SIMBAš¦ workflow description
This article will explain in detail how the pipeline is structured and what are the rationales behind it.
The pipeline can roughly be structured in 6 sections:
- Preprocessing
- Integration
- Clustering
- Doublet detection
- Metadata generation
- Count treatment
These sections will be described in detail below.
In all of theses sections (except count treatment), pickle files will be created, containing only new information that is generated in each of the tasks. This prevents high storage usage that would occur if each task would save a full copy of the dataset (which can be tens to hundreds of gigabytes large). These incremental pickle files are collected in two nextflow channels: One called obs (one-dimensional data: Clustering, QC metrics) and one called obsm (multi-dimensional data: UMAP, embeddings). The entries of these channels will then be aggregated onto the h5ad file which is generated within the counts section.
QC of single cell datasets is a very sensitive task and can hardly be automated as part of a pipeline. Thus, we expect users to either filter the input data manually before using SIMBAš¦ or to provide cut-off values via the samplesheet.
During this process, the following things will be checked:
- Does the dataset really contain raw counts?
- Does the dataset contain celly?
- Are all required metadata fields available?
- Are there any duplicates in barcodes or gene names?
- If the
no_symbolsflag is not set for this dataset, are there exclusively gene symbols in thevar_names? If there are any problems found in the checks above, the task terminates and the pipeline proceeds with the "Problem handling" section.
If everything is correct, unnecessary obs columns will be removed, the obs_names will be prefixed with the dataset id and the count matrix will be converted to the CSR sparse format, which helps decreasing the resource usage of the pipeline. Next, gene IDs will be converted to gene symbols using the mygene package if the no_symbols flag is set for this dataset. Afterwards, gene symbols will be converted to uppercase representations and underlines and dots will be converted to dashes, in order to make minimize the probability of having synonym symbols in different datasets. If there are any duplicates in the var_names now, they will be aggregated by calculating the mean. Lastly, cell filtering is performed, if any cut-off values have been provided in the samplesheet.

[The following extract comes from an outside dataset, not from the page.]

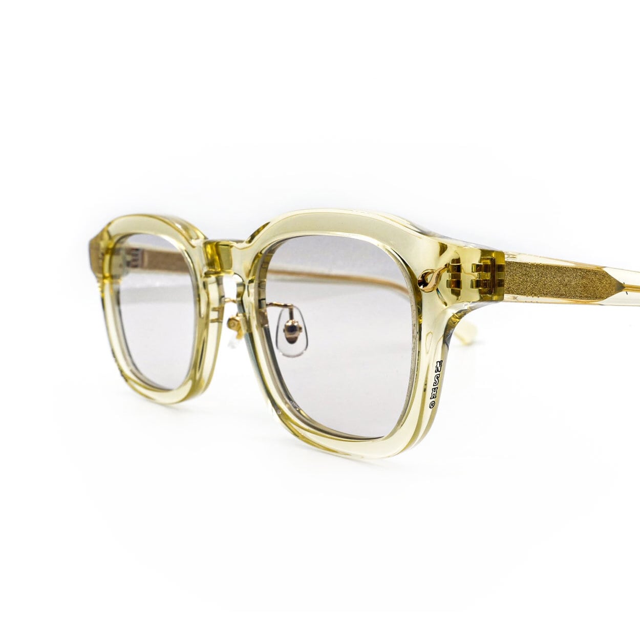 Vintage Yellowフレームに、Grayの抑制されたトーンで引き締めることで、無機質で落ち着いた雰囲気のAsh Grayレンズ。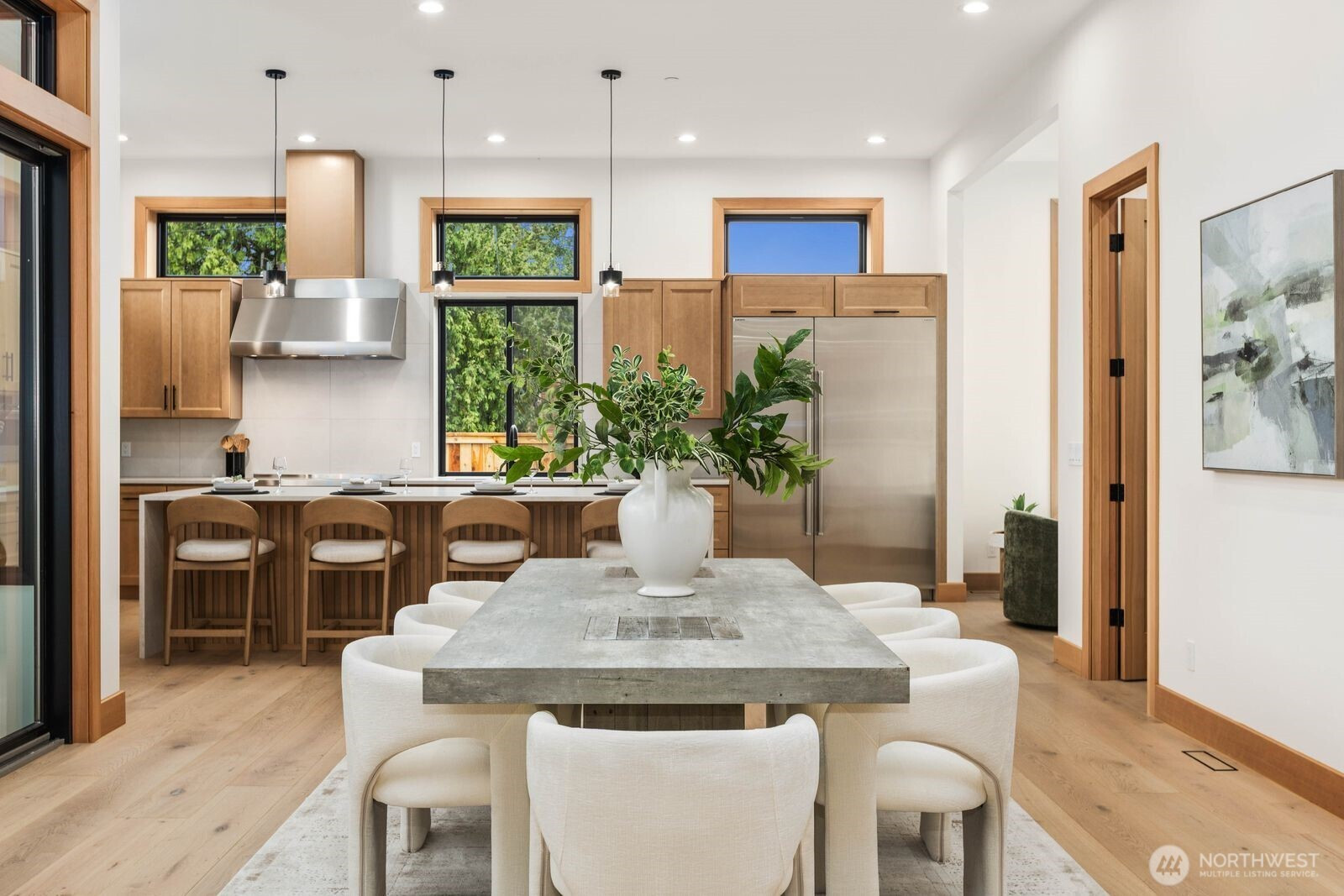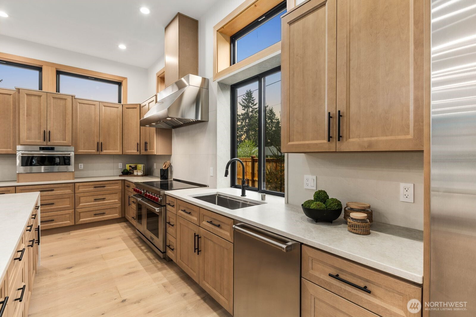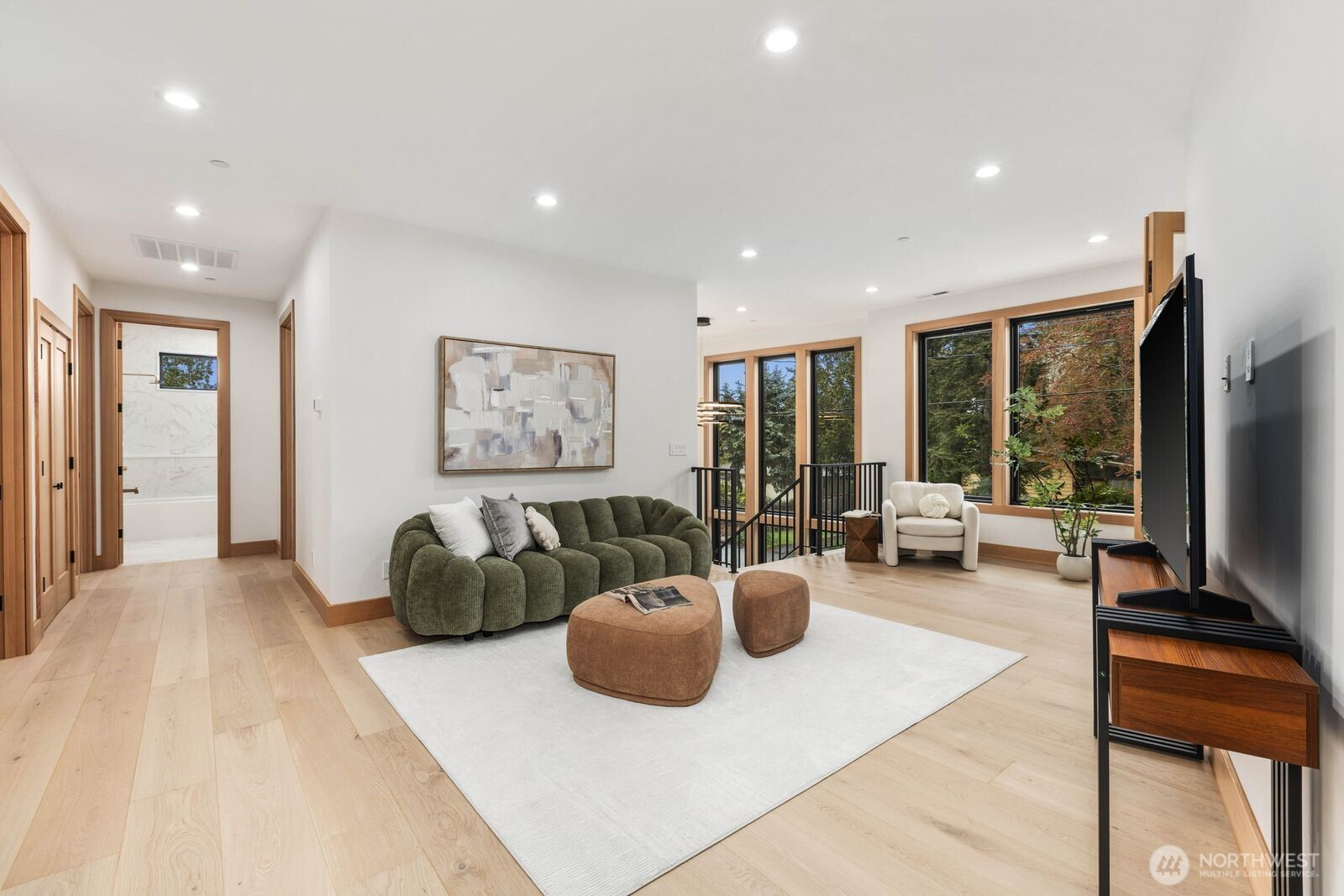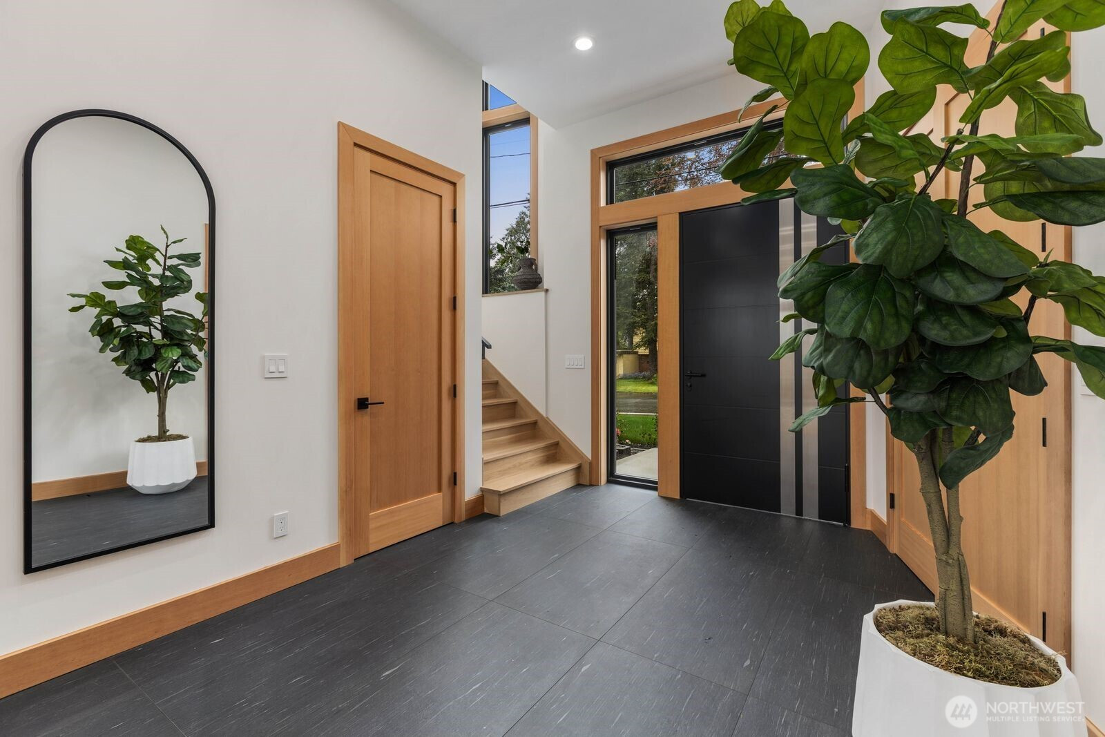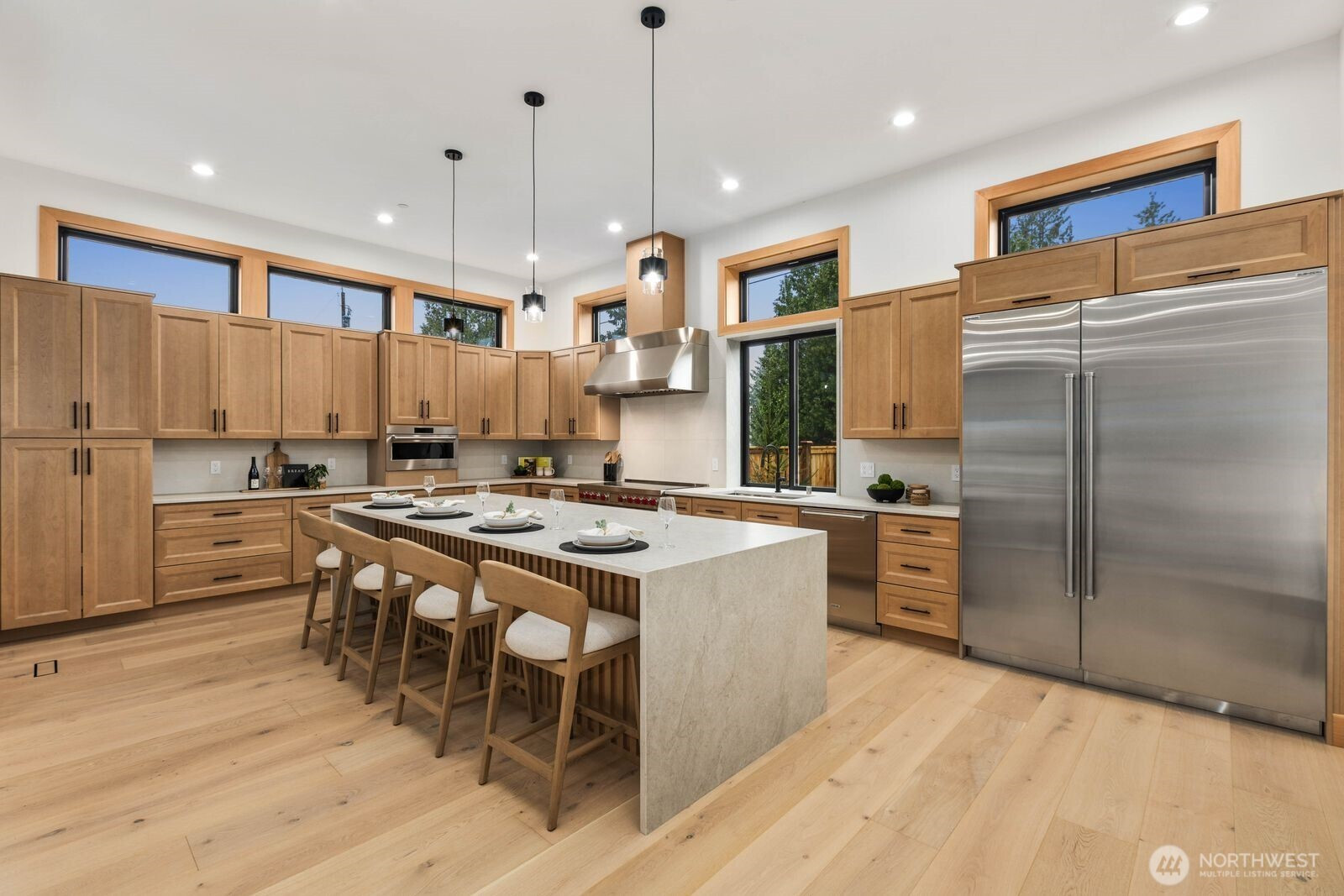 A rare expression of modern luxury in Bellevue’s coveted Lake Hills neighborhood. This new construction residence offers 4,214 sq ft of elevated living with soaring 12’ ceilings, expansive oversized windows that flood the east-facing home with natural light. The open concept design showcases a spectacular gourmet kitchen with Taj Mahal quartz countertops, Wolf appliances, Sub-Zero refrigerator, oversized island, and walk-in pantry flowing seamlessly into the dining and family rooms for effortless entertaining. Rich engineered hardwood and Italian porcelain tile span the home. Thoughtfully designed with 5 bedrooms plus an office and 5.25 baths, including a main level guest suite and flexible living spaces. Upstairs, the luxurious primary suite offers a serene retreat with a spa inspired bath, soaking tub, dual shower heads, heated towel warmer, and expansive walk-in closet. Built for modern comfort and efficiency with all electric systems, heat pump HVAC, ERV fresh air circulation, and a 50 year metal roof. Smart home & green features throughout, including solar panels, an EV-ready garage and fire sprinkler system. Enjoy a prime location just minutes to Downtown Bellevue with easy access to I-90 and I-405, parks, and top-rated schools.

If there are problems during the per-dataset preprocessing, the pipeline will not fail straightaway. Instead, the pipeline will wait until all datasets have been checked, then write the found problems into a single file and provide it to the user in the run output directory. Once everything is in place, the pipeline will terminate with an error. This makes handling of problems in the input data as convenient as possible.
This will only be executed if no problems have occured during per-dataset preprocessing. Basically the purpose of this process is to concatenate all datasets into a single annData file. However, it is a little bit more complicated than this.
First, the datasets will be concatenated in two ways:
- Concatenation of all cells with inner join (intersection) of genes -> integration
- Concatenation of all cells with outer join (union) of genes -> counts
We are dealing with two constraints here: Biologists want to have as many genes as possible available in order to make good annotations and integration methods require robust data in order to work well. In an optimal world, we now would fill all the missing genes for each datasets with NaN values and both biologists and integration methods would be happy. However, there is a major problem with this: Sparse matrices can only store 0 values implicitly (without using memory), while NaN values use memory. And even though a single NaN does not use a lot of memory, considering that we are dealing with potentially millions of cells, the memory usage would quickly skyrocket. So the solution we came up with is to provide the integration method only with expression values which are available in all datasets while filling up the matrices with 0 values for the "counts" branch of the pipeline. This means that in the final dataset, real 0 values can not be distinguished from artificial 0 values, which needs to be taken into account when analyzing the final output.
Second, all genes that are not expressed in at least one cell of the core datasets will be removed. Additionally, all cells without a single expressed genes will be removed. The purpose of these filters is to prevent zero divisions later on in the pipeline.